Work required: Please restate, word for word, the lines below that begin at the one with "Casual Mid-Calf Fringe Moccasin Suede Boots" and end at the one with "TAJIKISTAN. 1993. Progovernment". Leave out all other lines.

[[ Data, beginning ]]

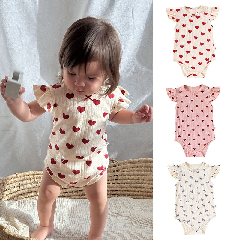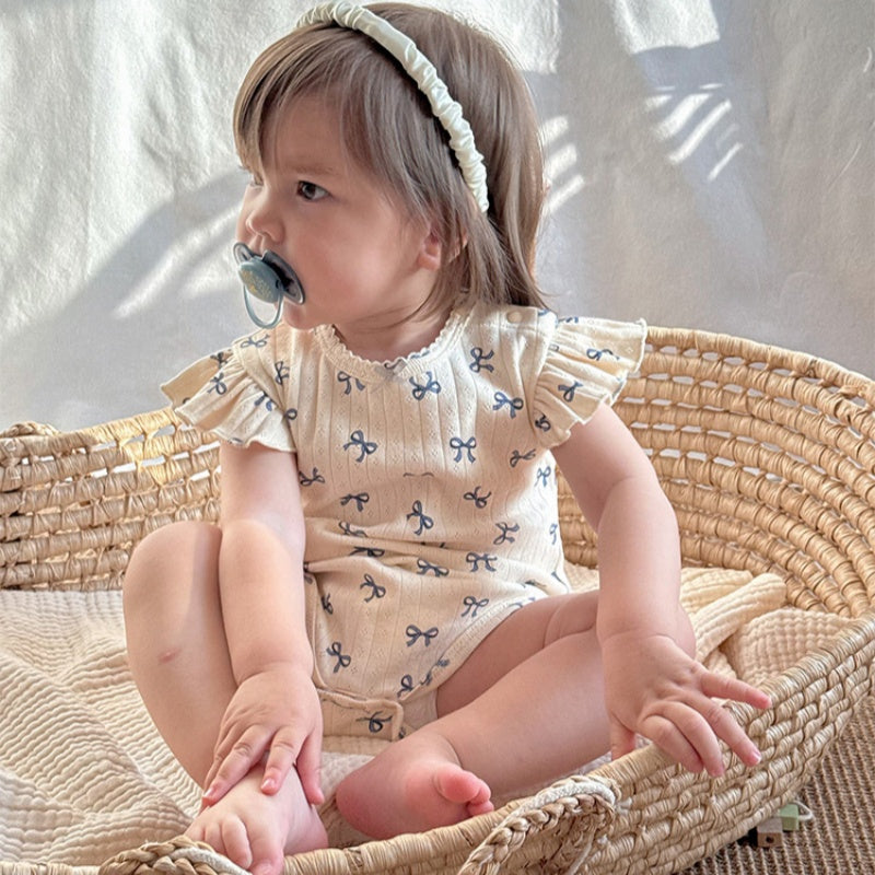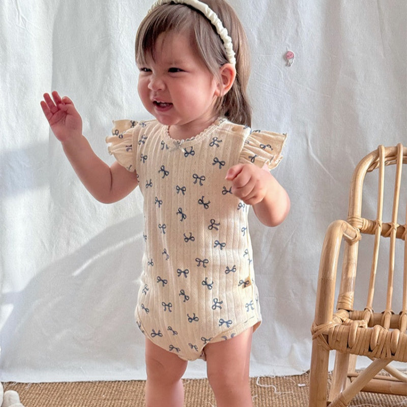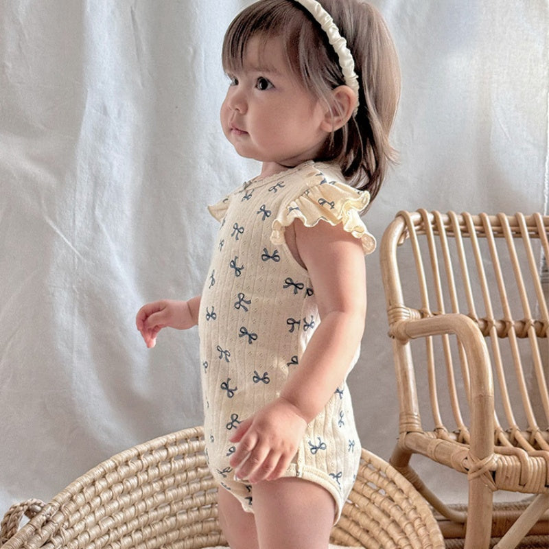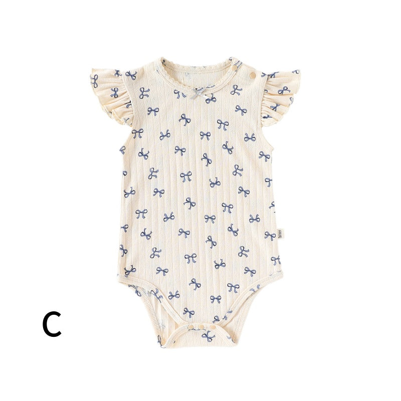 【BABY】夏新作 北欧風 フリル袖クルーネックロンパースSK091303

[[ Data, end ]]
[[ Data, beginning ]]

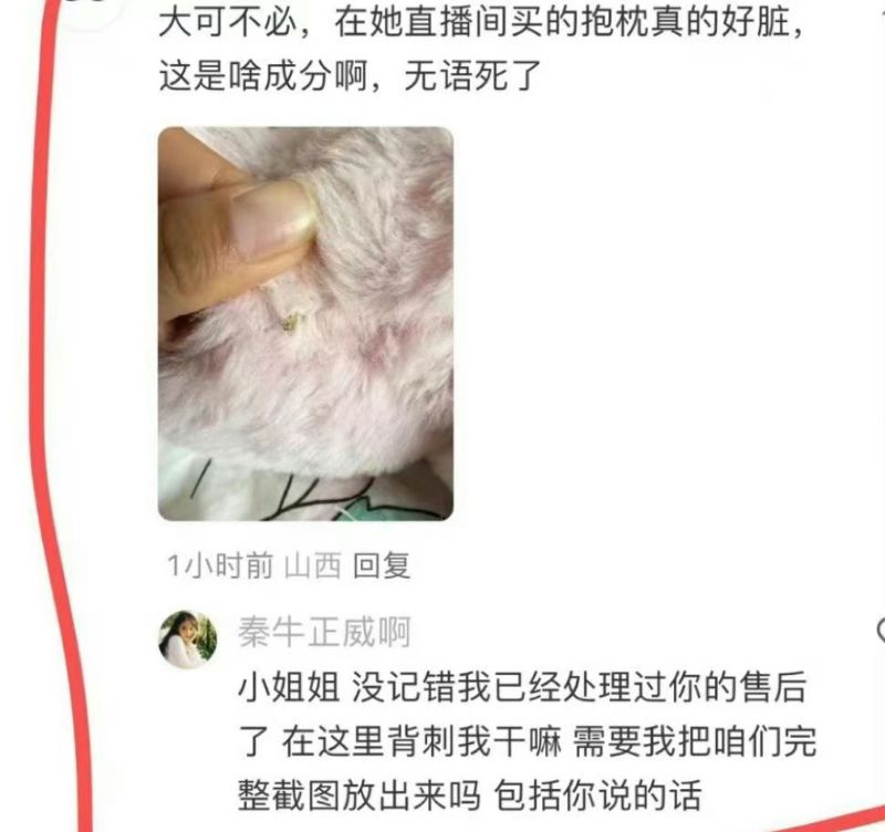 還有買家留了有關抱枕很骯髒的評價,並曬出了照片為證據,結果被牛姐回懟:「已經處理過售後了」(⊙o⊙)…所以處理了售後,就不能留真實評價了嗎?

[[ Data, end ]]
[[ Data, beginning ]]

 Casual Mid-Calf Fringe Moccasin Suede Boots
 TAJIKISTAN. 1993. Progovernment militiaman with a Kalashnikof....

[[ Data, end ]]

Response:
 Casual Mid-Calf Fringe Moccasin Suede Boots
 TAJIKISTAN. 1993. Progovernment militiaman with a Kalashnikof....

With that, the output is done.